In this notebook, we supply the code we used for running our experiment. If you're interested in a high level summary of the set up an results, please see our [blog article](https://sdv.dev/blog/synthetic-clones-for-ml).

## Datasets

We'll look at 3 different datasets. We'll build ML models for the real data vs. synthetic data and we'll compare their performance.
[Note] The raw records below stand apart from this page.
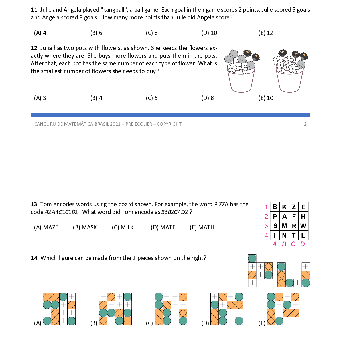 Q13. Tom encodes words using the board shown. For example, the word PIZZA has the code AACCB 2 4 1 1 2 . What word did Tom encode as BBCD 3 2 4 2 ?
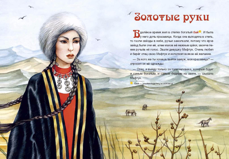Иллюстрации Виктории Ватолиной очень точно передают быт башкир, прорисована каждая мелочь в одежде, в украшениях. Красивые, выразительные лица у людей. Я влюблена в книгу с первого взгляда.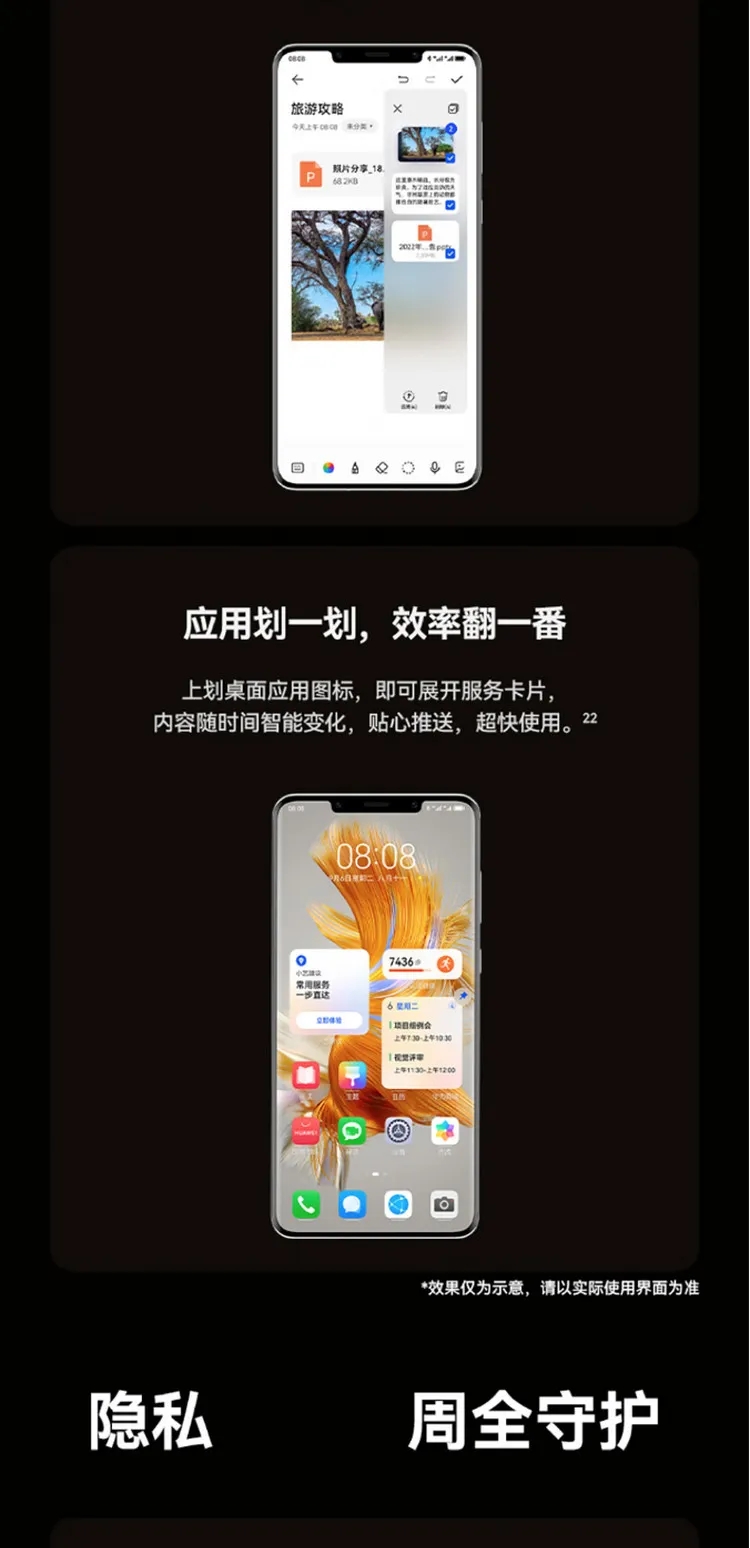 | 拍摄特色 | 后置摄像头: 智能可变光圈、物理光圈10档可调、超级夜景、超级微距、微距视频、视频HDR vivid、微距画中画、长焦画中画、微电影、音频变焦、高像素模式、延时摄影、超大广角、大光圈虚化、双景录像、超级夜景、人像模式、专业模式、慢动作、全景模式、黑白艺术、流光快门、智能滤镜、多机位、水印、文档矫正、AI摄影大师、动态照片、快拍、4D预测追焦、笑脸抓拍、声控拍照、定时拍照、连拍 前置摄像头: 慢动作、智能广角切换、夜景模式、人像模式、全景模式、趣AR、延时摄影、动态照片、智能滤镜、水印、笑脸抓拍、自拍镜像、声控拍照、定时拍摄 |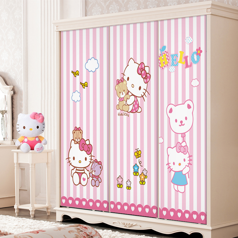 Cartoon children's wardrobe sliding door sticker self-adhesive girl bedroom glass sliding door renovation renovation sticker film all-inclusive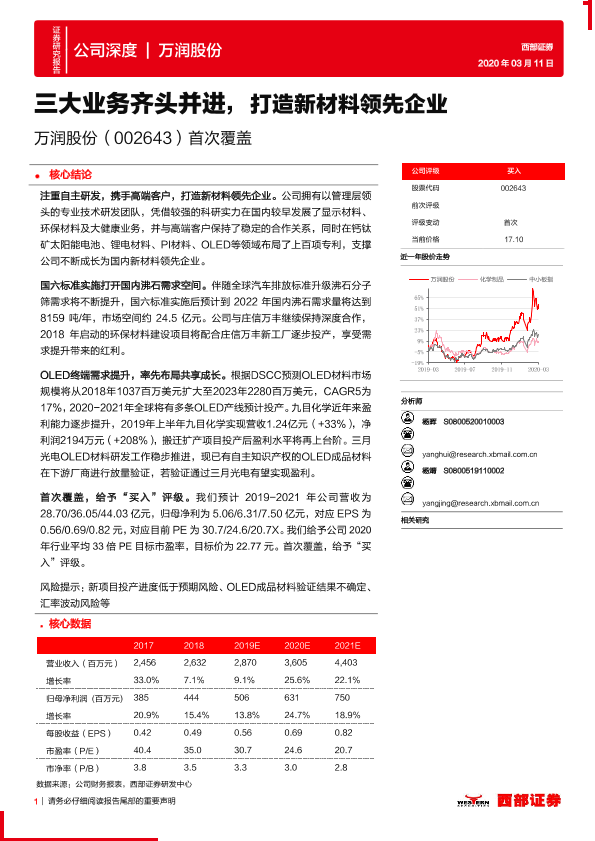 【西部证券】【20200311】20200311-西部证券-万润股份-002643.SZ-首次覆盖:三大业务齐头并进,打造新材料领先企业-26页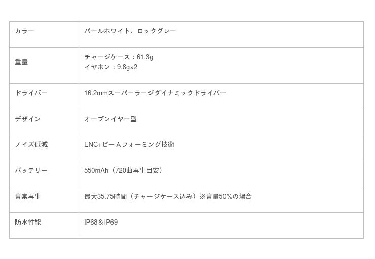 また「ENCノイズキャンセリング」と「ビームフォーミング」技術を組み込んでおり、プライバシーを保ちつつクリアな通話が可能になります。さらに550mAhのバッテリーを内蔵しており、充電ケースと一緒に使用することで最大36時間の連続音楽再生を楽しめます。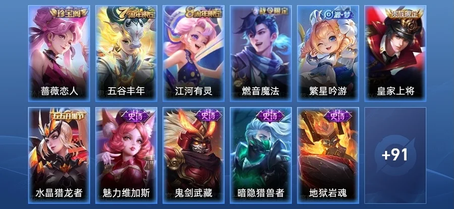 蔡文姬-繁星吟遊,趙雲-皇家上將,高漸離-燃音魔法,阿古朵-江河有靈,孫尚香-薔薇戀人,鬼谷子-五穀豐年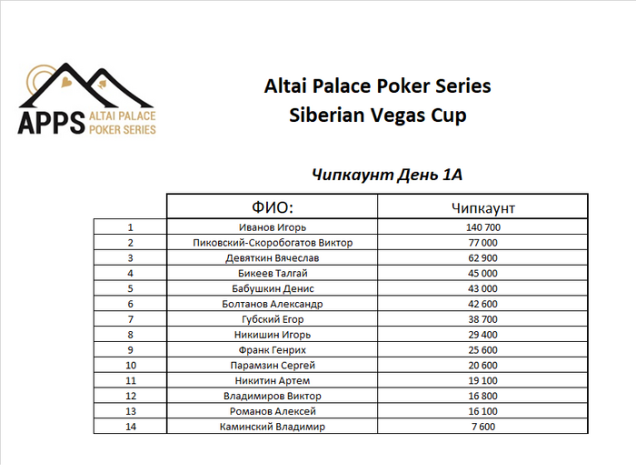 КУБОК СИБИРСКИЙ ВЕГАС, Д1В. Уровень: 6, блайнды 200/500/500, в игре 42/64.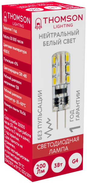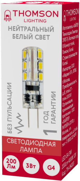 Лампа светодиодная Thomson TH-B4203 3Вт цок.:G4 капсул. 12B 4000K св.свеч.бел.нейт. (упак.:1шт) купить в интернет-магазине TPShop.Ru. Наличный и безналичный расчет, розничные и оптовые продажи. Самовывоз, доставка по Москве и МО, отправка во все регионы России.

Let's load & inspect 3 different datasets to understand the different ML tasks that are required.

In [None]:
import pandas as pd

### Income Dataset
The Income Dataset comes from [Kaggle](https://www.kaggle.com/mastmustu/income?select=train.csv). Download `train.csv` to get the data.

The dataset contains information about employees, including personal attributes like gender and education.

In [None]:
income = pd.read_csv("income.csv")

# Convert our prediction target column into a string
income['income_>50K'] = income['income_>50K'].astype(str)

income.head()

Unnamed: 0,age,workclass,fnlwgt,education,educational-num,marital-status,occupation,relationship,race,gender,capital-gain,capital-loss,hours-per-week,native-country,income_>50K
0,67,Private,366425,Doctorate,16,Divorced,Exec-managerial,Not-in-family,White,Male,99999,0,60,United-States,1
1,17,Private,244602,12th,8,Never-married,Other-service,Own-child,White,Male,0,0,15,United-States,0
2,31,Private,174201,Bachelors,13,Married-civ-spouse,Exec-managerial,Husband,White,Male,0,0,40,United-States,1
3,58,State-gov,110199,7th-8th,4,Married-civ-spouse,Transport-moving,Husband,White,Male,0,0,40,United-States,0
4,25,State-gov,149248,Some-college,10,Never-married,Other-service,Not-in-family,Black,Male,0,0,40,United-States,0


**ML Prediction Task:** Is the employee's salary >$50K? This is represented by the last, binary column `income_>50K`.

In [None]:
income['income_>50K'].value_counts()

0    33439
1    10518
Name: income_>50K, dtype: int64

### Bank Dataset
The [bank dataset](https://archive.ics.uci.edu/ml/datasets/Bank+Marketing)* comes from the UC Irvine Machine Learning data respository. Download the `bank-additional.zip` folder [from the site](https://archive.ics.uci.edu/ml/machine-learning-databases/00222/) and use the dataset called `bank-additional-full.csv`.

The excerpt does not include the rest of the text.